On Thursday, The Gleaner witnessed Hidaka carrying out his civic duty.

“My role is to instruct residents to stick to the rules. I will take the garbage back to their homes and indicate what is wrong,” he said of waste not correctly separated.

He told The Gleaner that before becoming a community leader, he was a garbage collector in Osaki town and is, therefore, very knowledgeable in the area.

“I was employed by the municipal office to collect garbage every day and I was going around these houses every day, so that’s why I became the leader,” he said.

Dr Purnamawati, an international environmental instructor from Indonesia who is attached to the Osaki Resident and Environment Division, told The Gleaner that each community chooses its leader and the government then invests in training.

“They are the head person to do what he (Hidaka) must do for the community, how to separate waste like the Osaki system,” said Dr Purnamawati. “The government, every year must teach and train the community leader how to separate waste. He is the leader and shows commitment to the community and makes the time to teach the community.”

Hidaka gets a stipend for his valuable role, but he noted that there are not many young community leaders in Osaki.

“Probably, that’s because I am not instructing them very much. Whenever I think I want to instruct them, I just do it myself and it’s quicker, so probably it’s my fault,” he said.

He is minded, however, that the youths should be part of the process.

Dr Purnamawati said the issue with small towns like Osaki is that there are more elderly residents.

According to Hidaka, for the community leader model to work in small island states such as Jamaica, it is important for the government, residents and the collecting agency to work closely together.

In 2015, then Local Government Minister Noel Arscott had announced that some 164 people had completed training as environmental wardens through the Jamaica Social Investment Fund (JSIF) Integrated Community Development Project (ICDP). Projected to last three years, the programme was estimated to cost $100 million.

The training, which took place over a three-day period, saw people from 21 communities in Kingston, St Andrew, Clarendon and St Catherine being trained in sustainable solid-waste management practices, solid-waste management regulation, national environmental regulation and sustainable development.

In 2019, National Solid Waste Management Authority (NSWMA) Executive Director Audley Gordon estimated that about 70 to 80 per cent of the garbage in gullies in Kingston and Montego Bay, St James, could be eliminated with the renewal of the programme that would see garbage wardens in select communities.

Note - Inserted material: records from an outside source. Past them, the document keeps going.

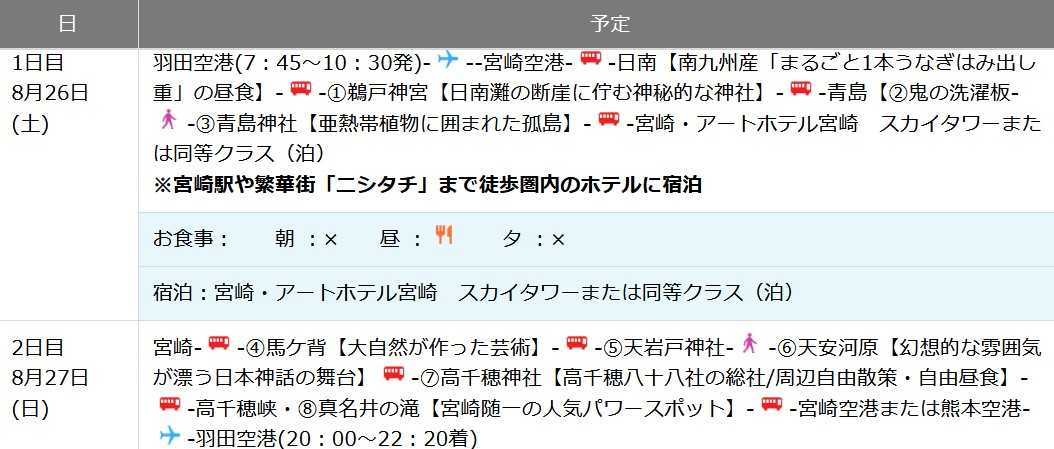 (補足情報)宮崎の絶景とパワースポットを効率よく観光!忙しい方もご参加しやすい1泊2日プラン!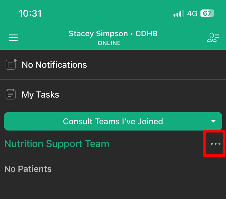- Tap on the three dot icon to the right of the Consult Team name to add or remove patients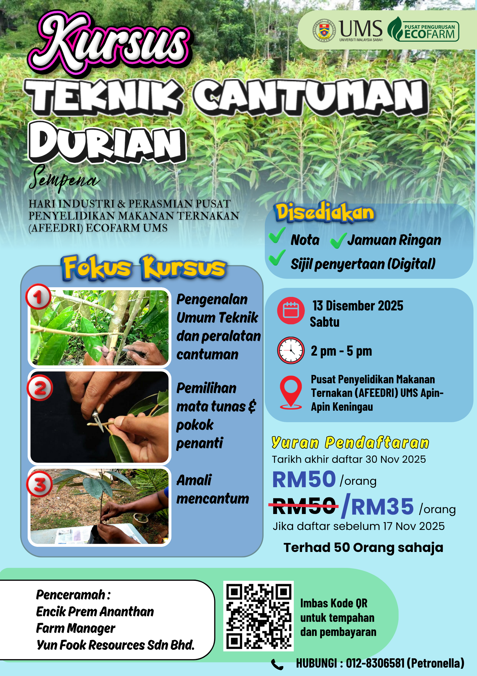 3. | Kursus Teknik Cantuman Durian | 13 Disember 2025 (Sabtu) 2.00 ptg -5.00 ptg | Encik Prem Ananthan Pengurus Ladang Yun Fook Resources Sdn. Bhd (YFR) |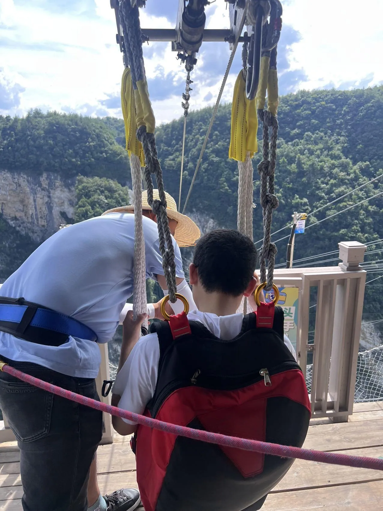 接下来的行程精彩纷呈:在桥东体验中心体验爱享飞VR,仿佛置身峡谷深处;高空滑索让我如鸟儿般自由飞翔;一线天滑道带来速度与激情;彩虹广场欣赏惊险刺激的蹦极表演;乘坐寻宝电梯深入探索大峡谷。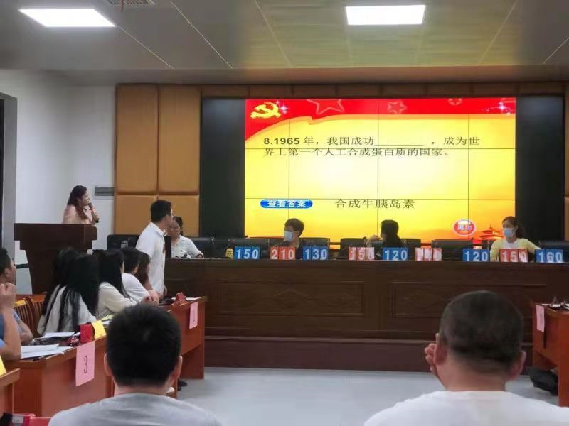 “党史学习教育的目标要求是?”“做到学史明理、学史增信、学史崇德、学史力行,教育引导全党同志学党史、悟思想、办实事、开新局。”财政所代表队流畅地回答道。“回答正确,加30分!”主持人宣布道。本次比赛分必答题、抢答题、风险题三个环节,每个比赛环节完成后,现场播放党史知识小视频,既缓解了选手们的紧张情绪,又强化了对党史知识的了解。随着比赛的深入,各代表队反应迅速、答题准确,掀起了一个又一个高潮,现场掌声不断。经过激烈的角逐,教育总支代表队获最高分,将代表孔垄镇出战全县党史学习教育知识竞赛。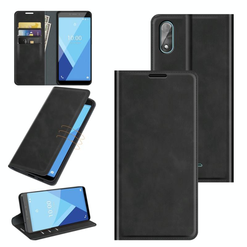 For Wiko Y51 Retro-skin Business Magnetic Suction Leather Case with Holder & Card Slots & Wallet(Black)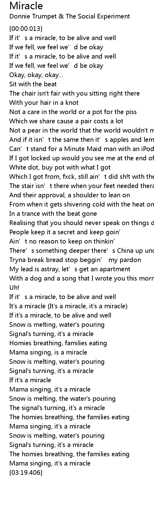 | [02:13.160] | It' s a miracle It' s a miracle, it' s a miracle |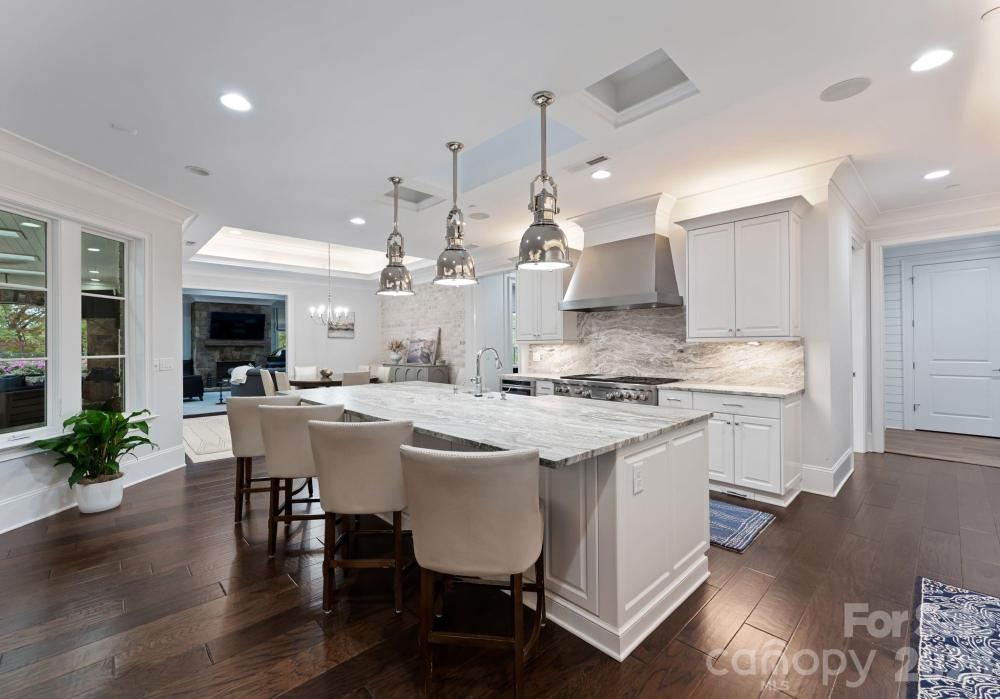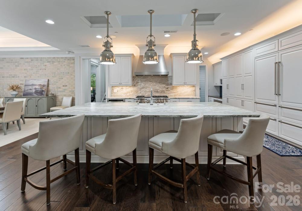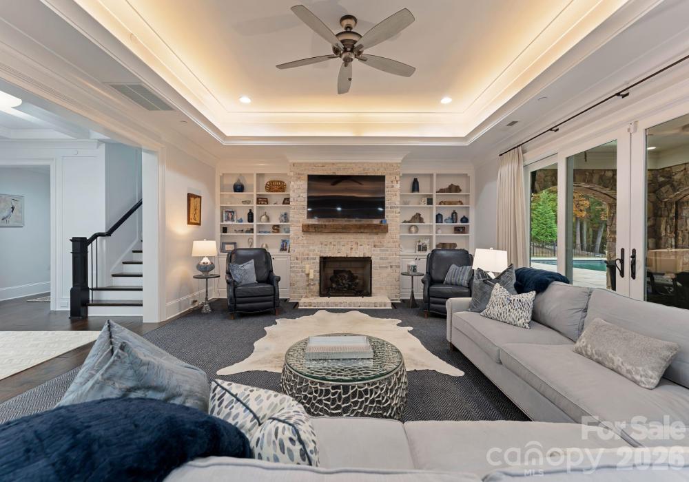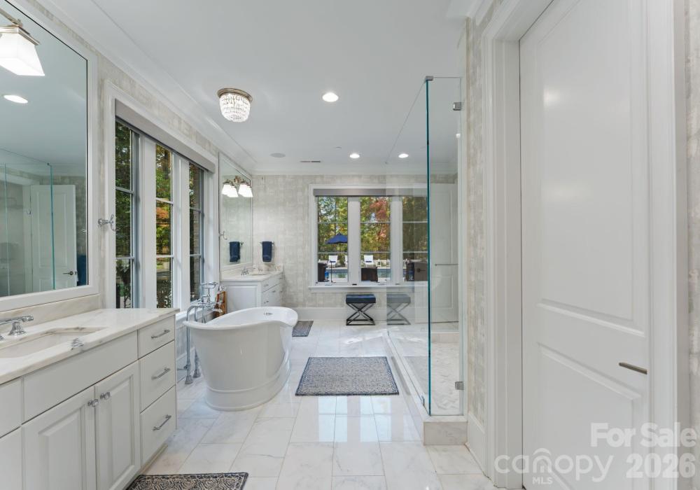Tucked deep within the prestigious Sanctuary community at Lake Wylie, this extraordinary waterfront estate offers the rare combination of 9.6 acres, ultimate privacy, and resort-level living. A long, tree-lined drive sets the tone as you approach the stately stone and wood exterior, complete with an expansive motor court and multiple garage bays. Inside, timeless architecture meets modern refinement with wide-plank hardwoods, detailed millwork, coffered and tray ceilings, and expansive windows framing serene wooded views. The primary suite is privately positioned on the main level and feels like a retreat of its own—featuring a spa-inspired bath with marble finishes, soaking tub, oversized glass shower, dual vanities, and exceptional his and hers custom dressing room. The heart of the home is designed for gathering, with an open-concept chef’s kitchen boasting a large center island, professional appliances, custom cabinetry, and seamless flow into the great room with exposed beams and a statement fireplace. A formal dining space and dedicated office add elegance and function. Upstairs offers generously sized secondary bedrooms and additional flexible living areas, while the layout provides ideal separation for guests or multigenerational living. Outdoor living is simply spectacular. A covered stone veranda overlooks the resort-style pool and spa, expansive travertine terrace, and lush wooded backdrop. Beyond, a private path leads to the covered dock, offering peaceful waterfront access in one of Charlotte’s most coveted nature-focused communities. This is estate living redefined—space, privacy, craftsmanship, and waterfront lifestyle—all within The Sanctuary. Only minutes to shopping, dining and airport.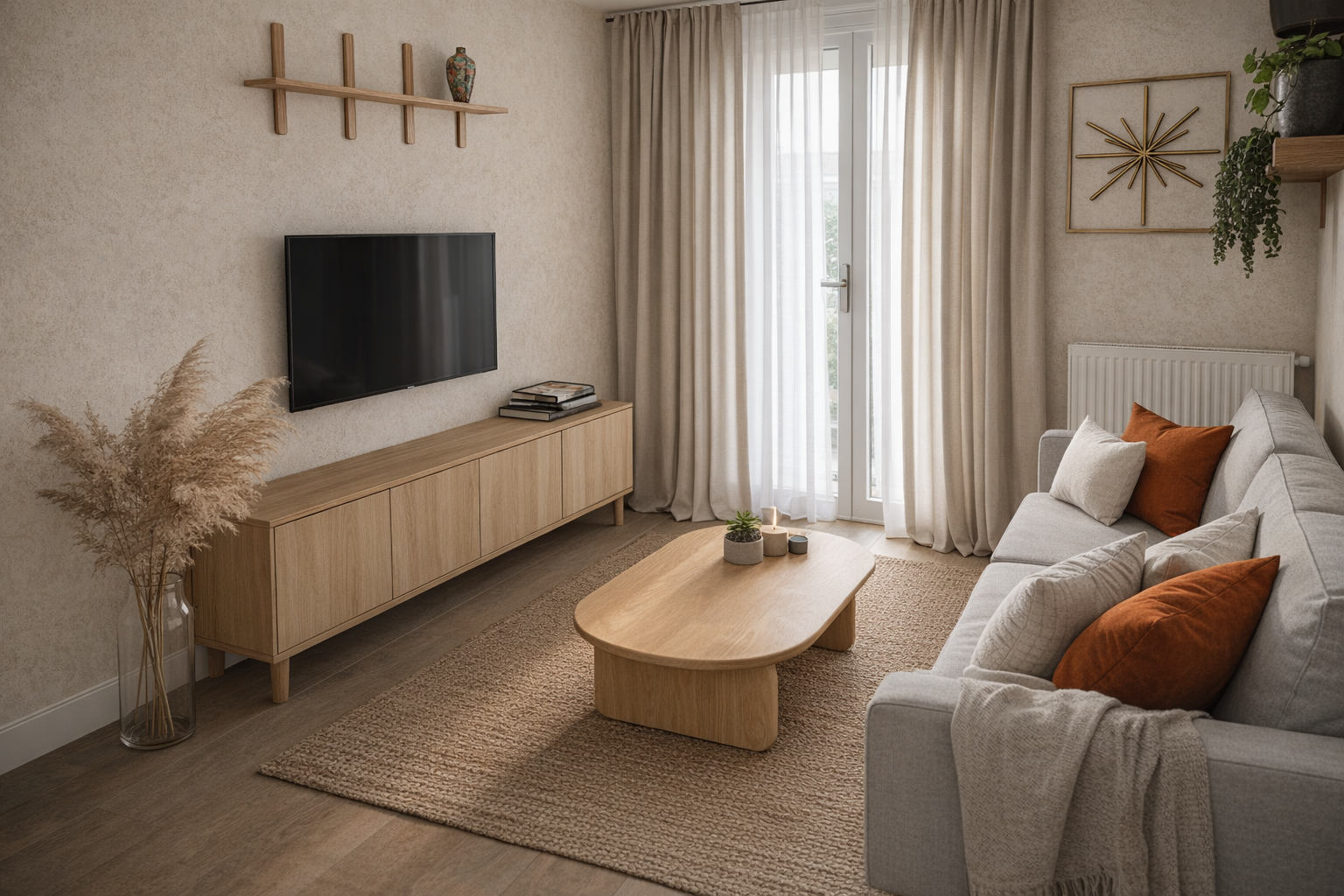 Une palette cohérente a été définie autour de tons neutres relevés par des touches de terracotta, qui viennent réchauffer subtilement l’ensemble et donner du caractère à l’espace. Enfin, pour répondre à la problématique d’encombrement, des solutions de rangement fermées ont été intégrées : un meuble TV discret et fonctionnel ainsi qu’un repose-pieds faisant office de coffre, permettant de désencombrer visuellement tout en optimisant l’espace. Le salon retrouve ainsi équilibre, chaleur et sérénité.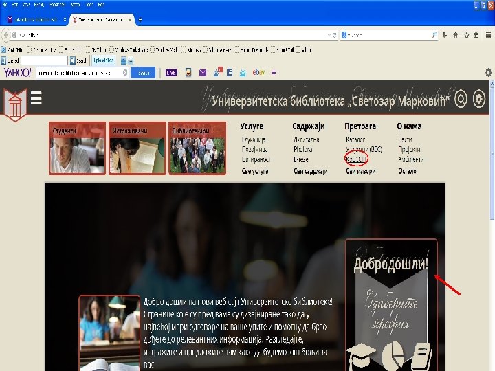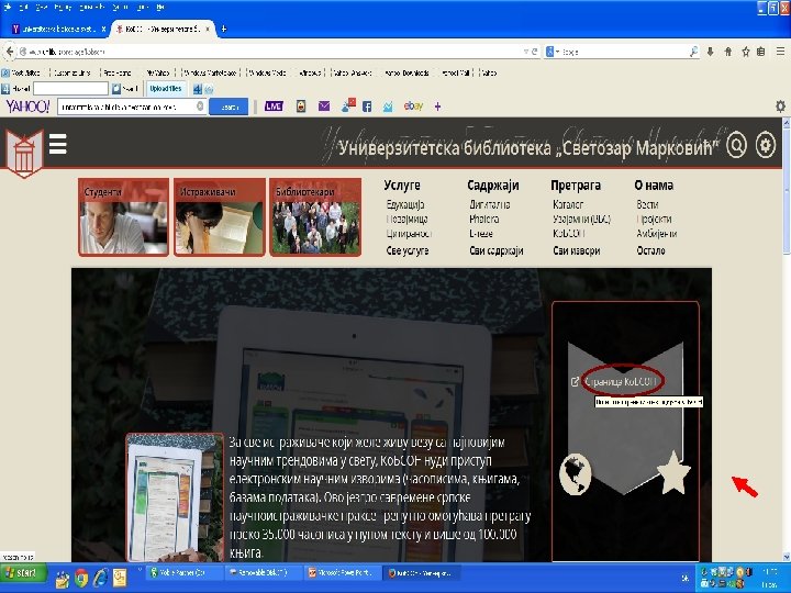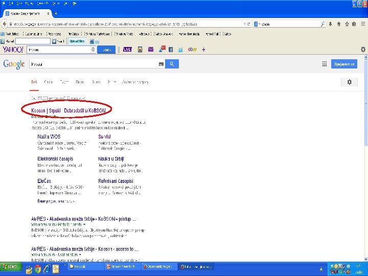 Kaко доћи до Ко. БСОНА? n n • n Преко претраживача Гугла (Google-a) Када одете на сајт Универзитетске библиотеке http: //www. unilib. bg. ac. rs/ па на линк Ко. БСОН који вас води на следећу страницу са линком којим идете на: http: //kobson. nb. rs/ Ко. БСОН се може користити само са компјутера који су на Академској мрежи (компјутера на Факултетима, у Универзитетској и Народној библиотеци у Београду, као и Универзитетским библиотекама у Нишу, Крагујевцу, Библиотеци Матице Српске)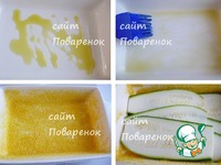 Форму для запекания (18х12х3,5 см) смазать оливковым масло, присыпать кукурузной крупой, излишки стряхнуть. На дно выложить часть цуккини. ЦУККИНИ НЕ СОЛИТЬ!!! (при запекании выделят много жидкости) |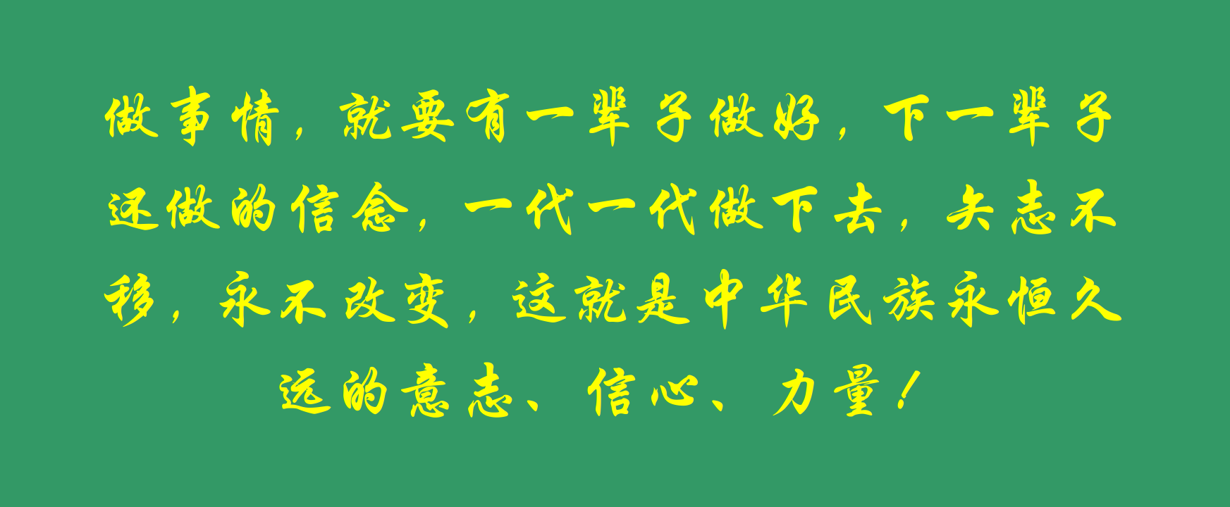 做事情,就要有一輩子做好,下一輩子還做的信念,一代一代做下去,矢志不移,永不改變,這就是中華民族永恒久遠(yuǎn)的意志、信心、力量!

Gordon said that the programme would be piloted initially in two communities and is aimed at making garbage collection easier for the agency in unplanned communities, where roadways are often narrow, and, in some cases, non-existent.

The entire project was expected to cost about $300 million.

During his Sectoral Debate presentation in May 2021, Local Government and Rural Development Minister Desmond McKenzie said the that the NSWMA had collected 1,014,000 tonnes of waste in the 2020-2021 fiscal year, at a cost of nearly $1.9 billion.

He added that important work was also done to remove plastic waste from the environment.

He said that community wardens were trained, and through the Rae Town Plastic Minimisation Project, funded by the Japanese government under the United Nations Environment Programme, nearly 17,000 pounds of plastic were collected.

“A total of 16 environmental wardens were also trained in plastic separation, plastic recycling and community sensitisation about solid waste disposal,” he said.

In 2020, Gordon told The Gleaner that Jamaicans appear to suffer from a cultural defect that is reflected in their widescale acceptance that it is somebody else’s responsibility to tidy up after them. He lamented that many citizens actually believe that by dumping garbage at will, any and everywhere, they are contributing to job creation.

The community leader initiative has worked for Osaki while Jamaica continues to struggle.